Suhhveer "Sukh" Dhak, the younger brother of Gurmit, believed that the Wolfpack Alliance gang and that two Wolfpack leaders Larry Amero and Jonathan Bacon in particular were the ones responsible for his brother's murder. At about 2:45 pm on 14 August 2011, a white Porsche Cayenne carrying six people was leaving the parking lot of the Delta Grand Hotel in Kelowna, when a group of four masked gunmen carrying AK-47 assault rifles opened fire. The gunmen fired at least 30 shots into the Cayenne, killing Jonathan Bacon, wounding Amero, and leaving a 21-year waitress, Leah Hadden-Watts, a quadriplegic as she took a bullet straight through her neck, severing her spinal cord. On 19 November 2012, Suhhveer "Sukh" Dhak and his bodyguard Thomas Mantel were murdered in Vancouver.
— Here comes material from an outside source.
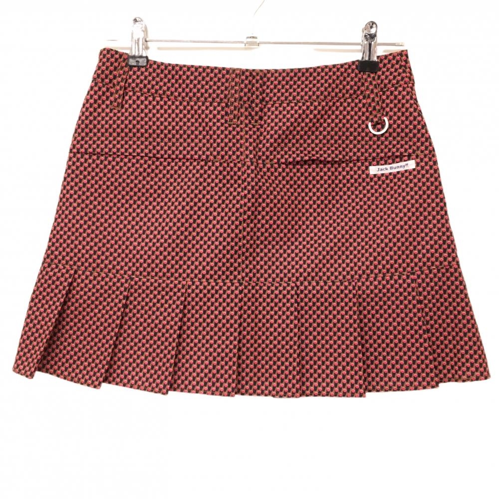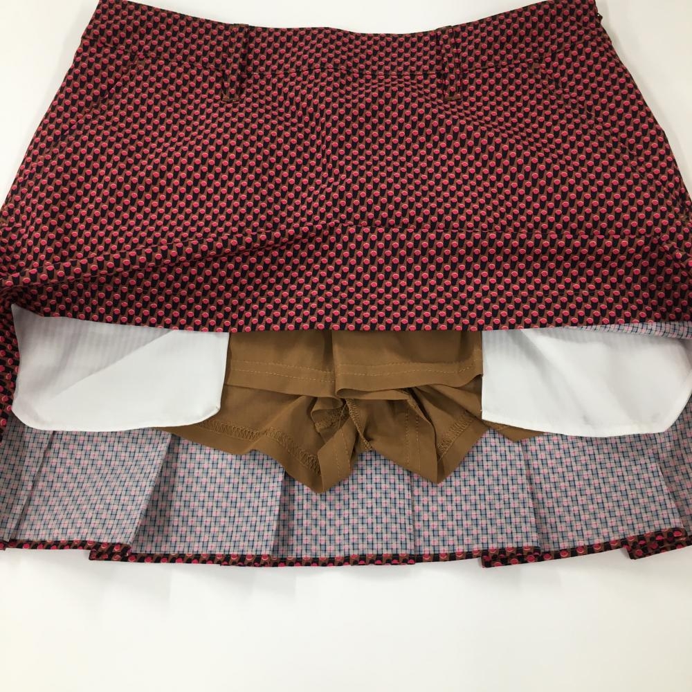 【超美品】ジャックバニー スカート ブラウン×ピンク 総柄 背面裾プリーツ 内側インナーパンツ レディース 0(S) ゴルフウェア Jack Bunny

Since 29 June 2021, Amero and another Wolfpack leader Rabih "Robby" Alkhalil have been on trial in Vancouver for the murders of Sandip Duhre and Suhhveer Dhak with the Crown alleging the two hired the hitman Dean Michael Wiwchar to kill Dhak and Duhre.

==Books==
- Edwards, Peter (2021). "The Wolfpack The Millennial Mobsters Who Brought Chaos and the Cartels to the Canadian Underworl"
- Langton, Jerry (2013). "The Notorious Bacon Brothers : inside gang warfare on Vancouver streets"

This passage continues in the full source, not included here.